Case Law: In re Facebook PPC Adver. Litig.

Friday, June 17, 2011 by Thought Leadership Team

Court Orders Parties to Meet and Confer to Develop Discovery Plan and Resolve Production Disputes

In re Facebook PPC Adver. Litig., 2011 WL 1324516 (N.D. Cal. Apr. 6, 2011). In this breach of contract litigation, the plaintiffs sought resolution of various production disputes including a disagreement regarding the development of an Electronically Stored Information (ESI) Protocol. Rejecting as speculative the defendant’s concern that entering an ESI Protocol would frustrate and slow the discovery process, the court ordered the parties to meet and confer to develop an ESI Protocol in light of the “clear thrust of the discovery-related rules, case law, and commentary,” including the Federal Rules of Civil Procedure, case law and the Sedona Conference® that suggest communication is crucial to a successful discovery process. Turning to the production disputes, the court prohibited the defendant from using a secure and restrictive document-viewing website in lieu of actual production, finding the website was unduly burdensome, inefficient and unnecessary in light of a two-tiered protective order. The court also ordered the defendants to reproduce unusable, non-searchable files – including an 18,000 page customer complaint database – in their native format, disclose relevant source code, and meet and confer to determine the appropriate method of production for proprietary documents relating to the dispute.


In this case, rather than producing certain documents, the defendant uploaded them onto website, that provided the plaintiff with viewing access, but gave the defendant the ability to limit it in significant ways: restrict access, track viewer activity, set document expiration dates and prohibit searching, annotating and printing. The defendant’s justification for the use of this service in lieu of actual production was that it was necessary to protect the disclosure of “extremely sensitive and confidential” documents. As noted in the summary above, the court denied these justifications and noted that the two-tiered protective order (which the defendant agreed to be bound by) provided sufficient protection to obviate the website’s use. Accordingly, the court ordered the defendant to stop using the website and produce the documents in had uploaded to the plaintiff in a fully accessible form.

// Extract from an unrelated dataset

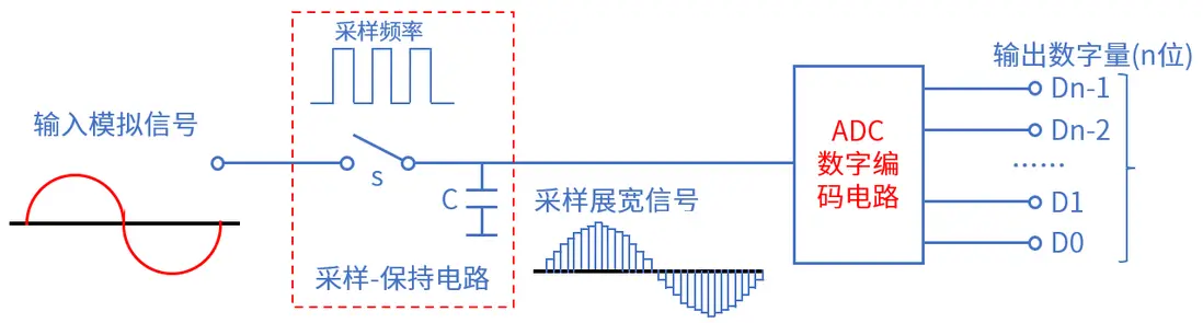 採樣和保持通常是在採樣-保持電路中完成,量化和編碼通常在ADC數字編碼電路中完成。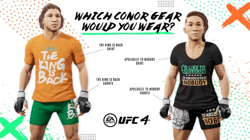To continue the Conor celebration, new McGregor-themed vanity items for your created fighters have been added to the in-game closet. These items include an orange shirt and green shorts that say "The King is Back" and a shirt and pair of shorts that say, "I'd Like to Apologize to Absolutely Nobody," – an abridged version of McGregor's famous quote after capturing the lightweight belt at UFC 205 in 2016.

Although this opinion is relatively brief in length and scope, it involves certainly a creative attempt to circumvent the more traditional methods of production. After all, cases involving parties withholding documents altogether are very common, but a party offering only limited access via a secure portal is a relatively novel development in the ediscovery world.

This case demonstrates the importance of reaching an agreement regarding the use of these solutions at the meet and confer. The court’s opinion seems to indicate that if the parties had agreed to use the restricted viewing technology before discovery began, it may have been permitted. Taking the time to meet and confer and negotiate mutually beneficial production agreements can pay dividends by potentially avoiding unnecessary, expensive discovery disputes and protecting important party-specific interests.